Let's talk turkey. Nobody knows the origin of the phrase - which means to speak plainly - but my theory is that it comes from the fact that turkey is such a plain-tasting bird.

After years of eating turkey during the holiday season, it finally dawned on me: I don't like it. I realised this about a year ago with some foodie friends at a restaurant. A friend had pre-ordered the turducken, a a much-revered dish that I'd heard of, but never tasted. The bones are removed from a turkey, duck and chicken, each bird is put inside the larger one and the gaps are filled with stuffing. It sounds delicious, but isn't, because by the time the interior is cooked, the turkey is overcooked and dry.
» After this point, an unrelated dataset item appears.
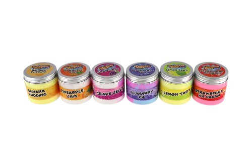 Farebný a voňavý sliz, ktorý zaručí deťom hodiny zábavy. Hmota je mäkká, tvárna a príjemná na dotyk – je možné ju naťahovať, stláčať, tvarovať a kombinovať s doplnkami. Dúhové farebné prevedenie s atraktívnym vzhľadom. Rôzne varianty s motívmi obľúbených príchutí (napr. jahodová zmrzlina, čučoriedkový koláč, banánový puding, ananásový džem, citrónový koláč, hroznový džem). Praktická uzatvárateľná dóza (cca 6 × 6,2 cm) – sliz nevysychá.

My friends and I discussed improvements, including stuffing the turkey inside the chicken, which then goes inside the duck. It makes sense because the duck fat would baste the drier birds inside, but it's physically impossible unless you can find a very large duck and very small turkey. I suggested the awkwardly named piquailricebird - a pigeon stuffed with a quail stuffed with a rice bird. All are dark meats, so it would remain moist. It wouldn't be very big, though, or feed many.

I decided to talk turkey because it's the time of year when it's eaten in quantity. Yes, it's an impressively large bird that feeds a lot of people, at a low cost (unless you buy a 'heritage' breed). But too often it's dull. I'm not saying I've never had good turkey. But 'good' is relative. The best I can say about most of them is that the meat wasn't dry.

But at a Thanksgiving lunch last week, where I met a lot of interesting people, I realised it's not the turkey that matters; it's the occasion. While I pushed aside the breast meat to get to the ham underneath, I talked about restaurants and cooking with my neighbours, while listening to the political discussion further down the table. It wasn't a family-oriented Thanksgiving meal; it was a lunch with people who brought to the table some food for thought. And that is just as important as the food.